And I wonder if this is part of the reason why.
I went through a very big Ellie Goulding phase.
Yeah, I'll beat you to it.
A big one.
And just loved her and loved her music
and what she was about.
And then I remember saying to you
in like the last couple of years or however many years,
I'm like, where is she? Like did she go? I know she had a baby
and she met her husband and all that stuff. But I was kind of like, we haven't
really heard or seen much of her. But this makes a lot of sense. And I
can't even imagine what it would be like someone
who's so famous like that and you struggle with
this crippling disease
where you can't control your mind.
No.
You know?
And it would just be so debilitating.
And then you have to be forced into really public situations.
It would just be so debilitating and it makes a lot of sense.
And I think it's just so courageous of her to post something like that.
So good on her.
That's the latest live out of Los Angeles
with our Hollywood correspondent, Dean McCarthy.
Bree and Clint.
Bree's Psychic Radio.
She's back with a special Christmas edition, Clint.
I was thinking about Psychic Radio today.
And how amazed you've been across the year?
I was trying to think of where it came from,
and I'm pretty sure Psychic Radio came from the depths of lockdown,
where we were like, oh, God.
What else can we do?
There's no one on the roads.
And it's one of the things.
There's no one in their cars.
That has stuck around, surprisingly, to everyone.
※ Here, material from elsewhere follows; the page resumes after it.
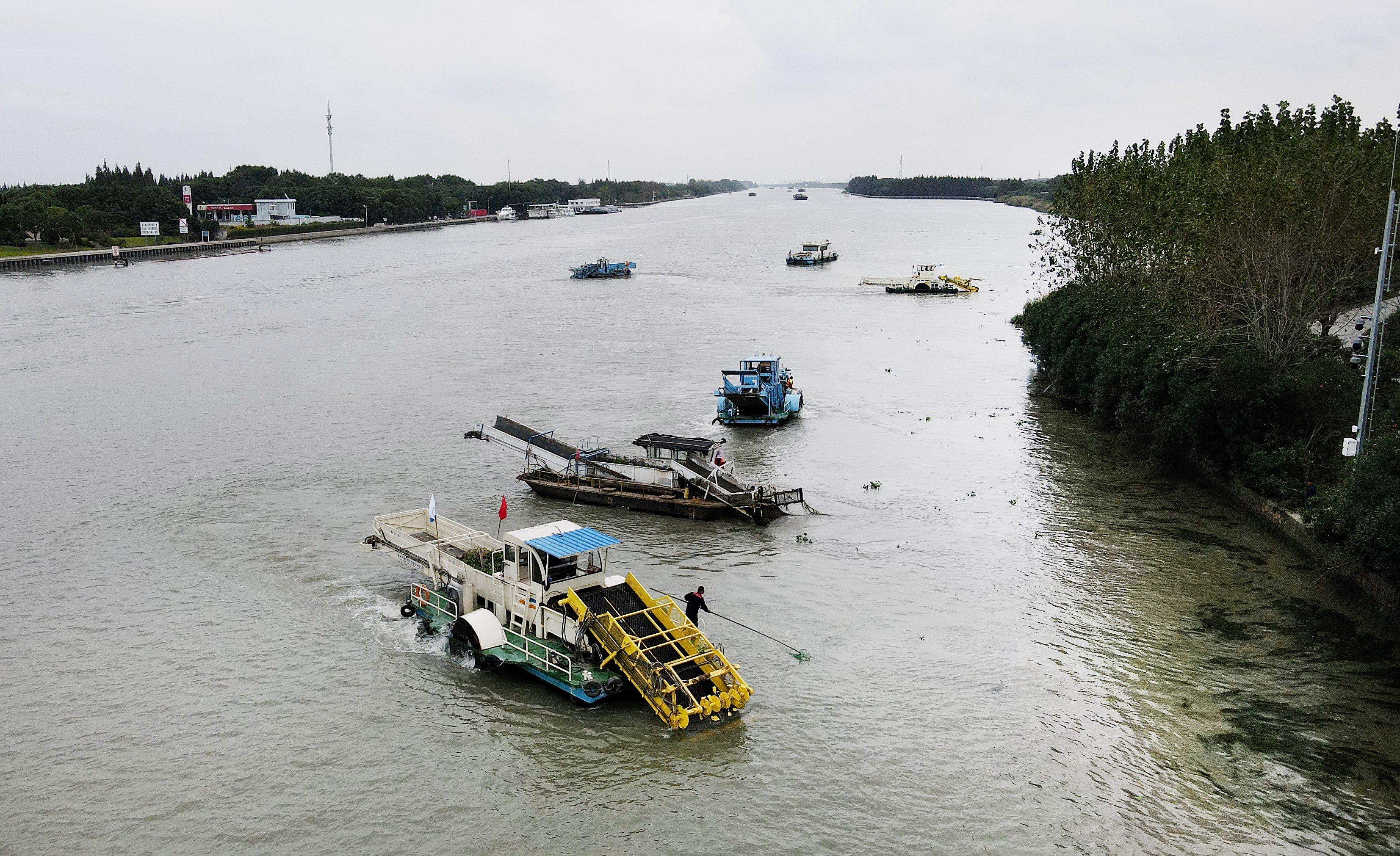 苏浙沪三地的保洁船在太浦河水域联合清理水面浮游植物(新华社发 无人机照片)
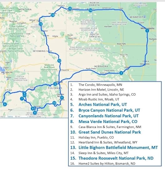 In Part 1 of this travel blog, I began the description of our recent 4,128-mile road trip, during which we visited six National Parks and one National Battlefield. As a reminder, here’s a map of the journey:

It's where Bree tries her best to prove that she is psychic,
or at least has psychic abilities.
It has had mixed results.
Look, I'm going to put my sixth sense to the test.
And here's how it's going to work.
We're going to get someone on.
I'm going to ask them a few questions.
And then I'm going to attempt using my psychic abilities
to guess what is something they want for Christmas.
Producers, have these people told you what they want for Christmas so you will know whether
it's right?
They have indeed.
We can hold them accountable.
Okay, cool.
Okay, well let's start with Ange.
Hi, Ange.
G'day, Ange.
Hi.
Before we start this process and before I hand you over to our resident psychic, you
do know what you want for Christmas, don't you?
I do know what I want for Christmas.
All right, you're in the hands of Brie Thomas.
Now, Ange, I need to kick this off by right, you're in the hands of Brie Thomas.
Now, Ange, I need to kick this off by asking,
do you want a bunch of different things or just one thing?
I just want one thing.
Okay, all right.
I'm just channeling my chakras.
Ange, are you single or taken?
I am taken.
Okay.
Married?
No.
She wants an engagement ring.
No, I don't.
What do you want for Christmas, Ange?
I want to spend more time with my family.
Pretty much the same thing. Yes, mate.
We have currently assumed to be a one-year-old daughter
and my side of the family live a couple of hours away from us.
Yeah.
So I would like to spend more time with them over the Christmas period.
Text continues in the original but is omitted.